BEGIN Provided records

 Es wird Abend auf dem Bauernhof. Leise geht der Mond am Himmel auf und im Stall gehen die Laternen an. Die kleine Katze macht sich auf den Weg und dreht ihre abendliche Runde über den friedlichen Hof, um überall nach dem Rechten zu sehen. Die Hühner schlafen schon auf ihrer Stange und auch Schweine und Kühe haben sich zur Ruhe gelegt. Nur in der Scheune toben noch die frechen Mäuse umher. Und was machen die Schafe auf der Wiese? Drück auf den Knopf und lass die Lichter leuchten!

END Provided records
BEGIN Provided records

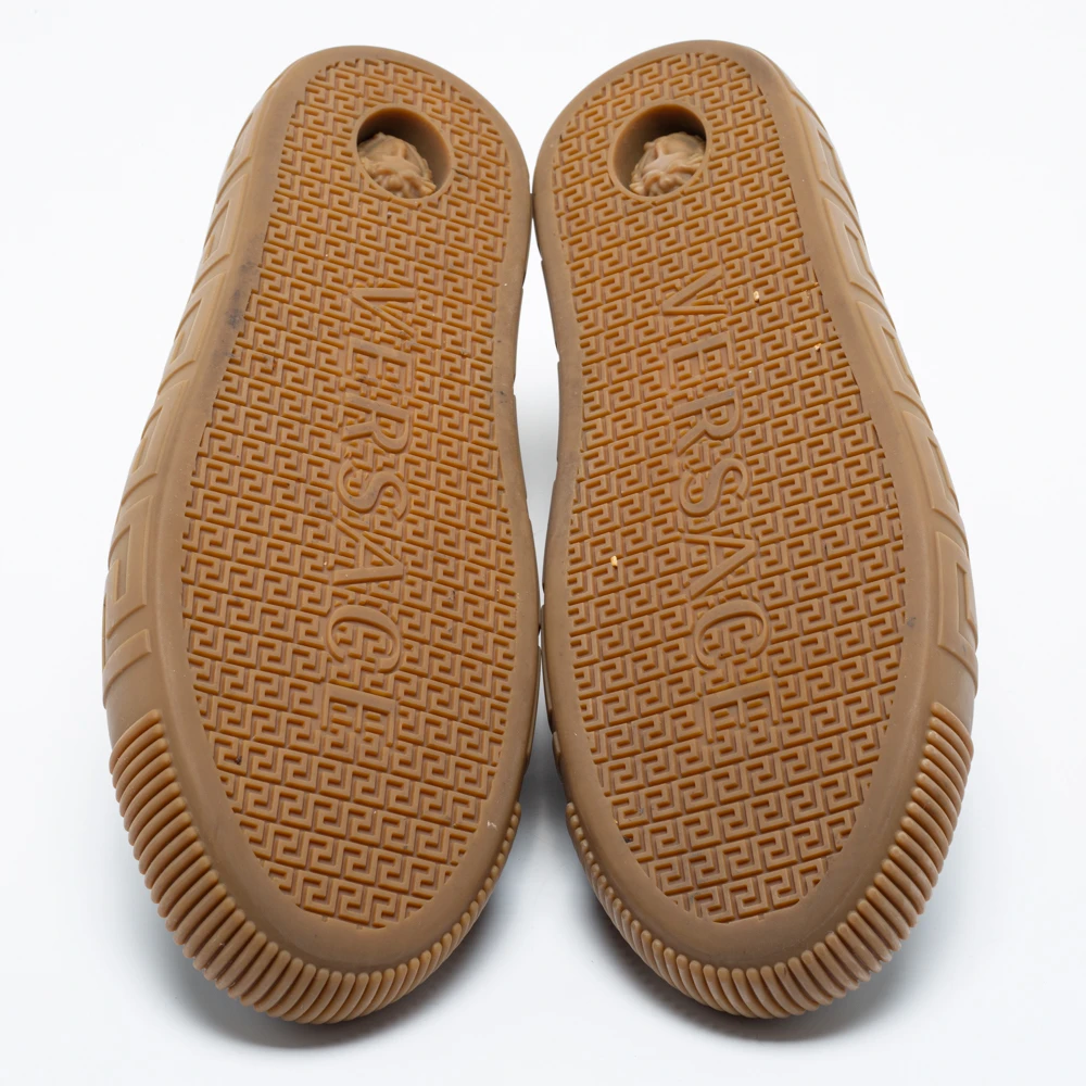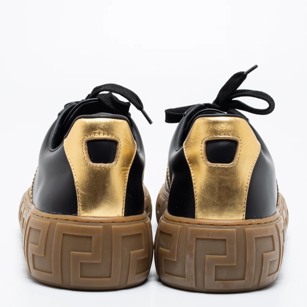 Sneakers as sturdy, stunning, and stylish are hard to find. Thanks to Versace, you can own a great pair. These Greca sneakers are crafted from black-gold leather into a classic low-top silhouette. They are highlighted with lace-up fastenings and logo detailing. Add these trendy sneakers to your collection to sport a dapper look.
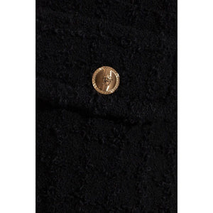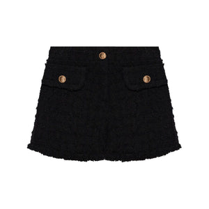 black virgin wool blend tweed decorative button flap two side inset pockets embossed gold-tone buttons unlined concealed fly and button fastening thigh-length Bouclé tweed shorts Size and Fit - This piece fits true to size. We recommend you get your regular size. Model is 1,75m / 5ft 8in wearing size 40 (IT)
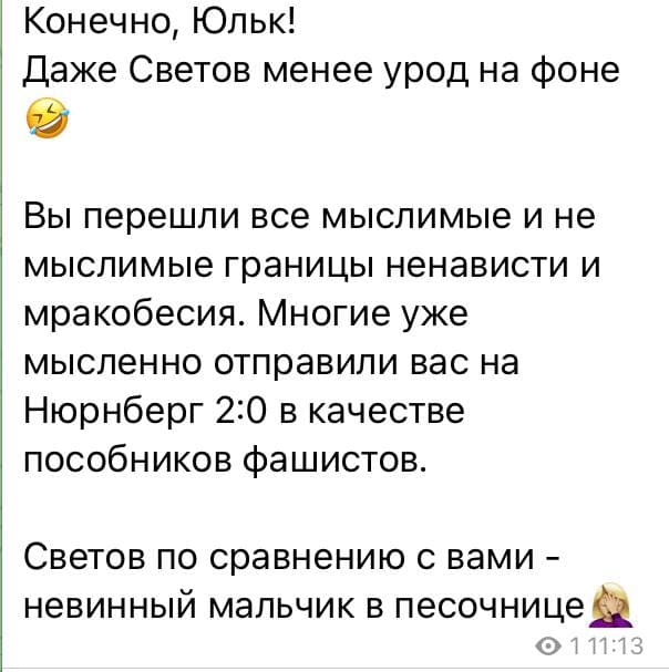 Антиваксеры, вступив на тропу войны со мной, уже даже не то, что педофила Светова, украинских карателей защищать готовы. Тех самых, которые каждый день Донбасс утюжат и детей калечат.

END Provided records

**Task requirements**: Only one stretch of the data is wanted: write out exactly the lines from the one holding "black virgin wool" through the one holding "Антиваксеры, вступив на", both included, without the pictures.

**Exercise result**:
 black virgin wool blend tweed decorative button flap two side inset pockets embossed gold-tone buttons unlined concealed fly and button fastening thigh-length Bouclé tweed shorts Size and Fit - This piece fits true to size. We recommend you get your regular size. Model is 1,75m / 5ft 8in wearing size 40 (IT)
 Антиваксеры, вступив на тропу войны со мной, уже даже не то, что педофила Светова, украинских карателей защищать готовы. Тех самых, которые каждый день Донбасс утюжат и детей калечат.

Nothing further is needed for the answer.